We can constantly look At, With, and Beyond our AI systems and our uses of them. Keep asking AI out-of-the-box prompts so that it compares multiple perspectives. Instead of passively accepting what an AI system initially says, ask it more questions. You can give it many creative prompts, including:

 

  • That’s not deep enough. Please tell me more.
  • Can you give me an alternative perspective?
  • What are the best books, articles, and educational videos about (the topic in question)?
  • Please compare X with Y (e.g., Preah Ko with the ancient Cham culture).
  • Please compare it with Chinese (or Indian, or ancient Greek, or Yoruba) culture.
  • What would another writer say about this? Please be Achebe. Now be Pablo Neruda. Now be Lady Murasaki. Now be a Zen koan writer. Now be a Rigvedic priest. An Amazonian shaman. A Yoruba Babalawo. 
  • Your answer is biased towards vision, but many cultures emphasize other senses as well. What would an African who focuses on sound, motion, and rhythm think?
  • You’re assuming that distinct objects and static categories are most fundamental in reality. Please come up with a different perspective, which is based on other cultures’ assumptions. Then question those assumptions and come up with yet another perspective.
  • Please list possible analogies, critique your list, and add three more analogies.
  • Can you give me a higher perspective, which integrates more cultures?
  • What are different cultures’ ideas of paradise? Heaven? Happiness? Can you come up with new ideas?
  • There are countless cultural fusions in the world, including Indian and African, and Chinese and Islamic. What insights can you provide about them?
  • Please critique your answer. What are its shortcomings? What are its biases? How can it be improved?

 

Then step back from AI and read a book about another culture, take a nature walk, meditate, dance, or discover a style of music you’ve never heard before. Expand your inquiry in as many directions as possible beyond the current data set. Instead of being passive recipients of content AI gives, we can engage with it in romantic dialogs that can uncover ever more facets of the topic and connections with other topics.

 

Yuval Harari writes about humans no longer dominating the world but instead relying on data and algorithms to make their decisions. He worries that after all humanist illusions are destroyed, people will only want to merge into flows of massive amounts of data. But each culture has depths that AI still cannot fathom. Each converges from many types of experiences that are unique to it, including language, the natural environment, historical patterns, art, perception, emotional patterns, and general ideas about the world. Mark Coeckelbergh, in AI Ethics, writes that the ways people think have many sides. In addition to data analysis and abstract patterns, it’s based on embodied, interpersonal, emotional, artistic, and environmental experiences.

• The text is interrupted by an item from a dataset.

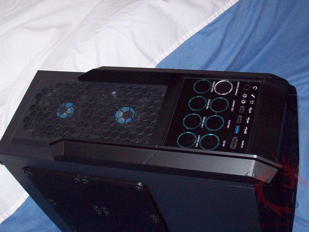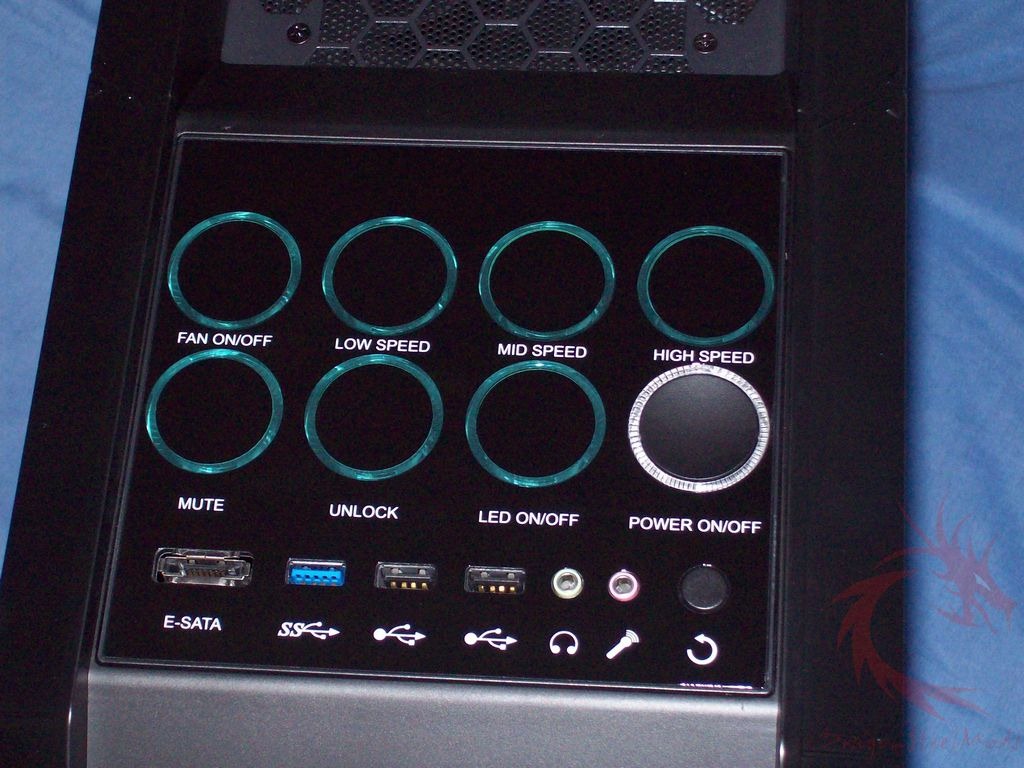 On the top near the front you’ll see one of the big features of the Touch 787 and where it gets its name from, the touch panel which has eight buttons for controlling the fan speeds and the lighting along with a mute and lock button. You can turn the fans and LEDs in the fans completely off if you want. Below the buttons you’ll find two USB 2,.0 ports, a USB 3.0 port, an eSATA connection, audio jacks and a reset button.
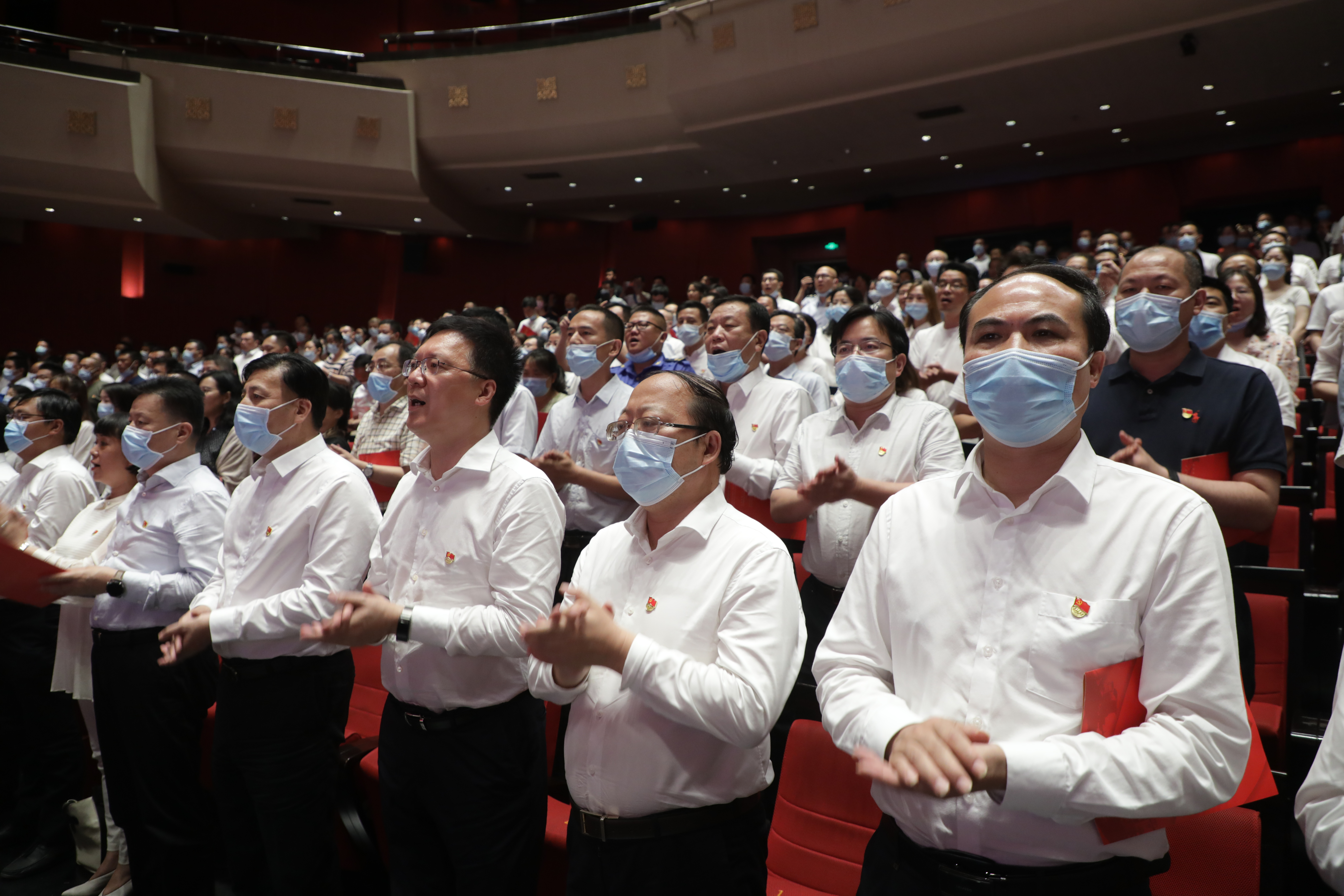 本次演出现场的1000多名观众均为武汉经开区党政机关、园区、街道、企事业单位的党员领导干部,以及基层党组织、抗疫先进个人和集体等代表。

All converge in unique ways in each culture.

 

By looking At, With, and Beyond an increasing number of cultures, we can ultimately enter any at will, then zoom out and enter others, and then synthesize higher perspectives of our world. We can explore one way of apprehending reality after another with the ease of an eagle in flight. My books show how high we can fly, and the articles here give a lot of glimpses. We can thereby retain our human identity in many ways, including imagination, out-of-the-box thinking, deft shifts in perspective, dreams of what’s possible, empathy with all cultures, and ever-expanding love.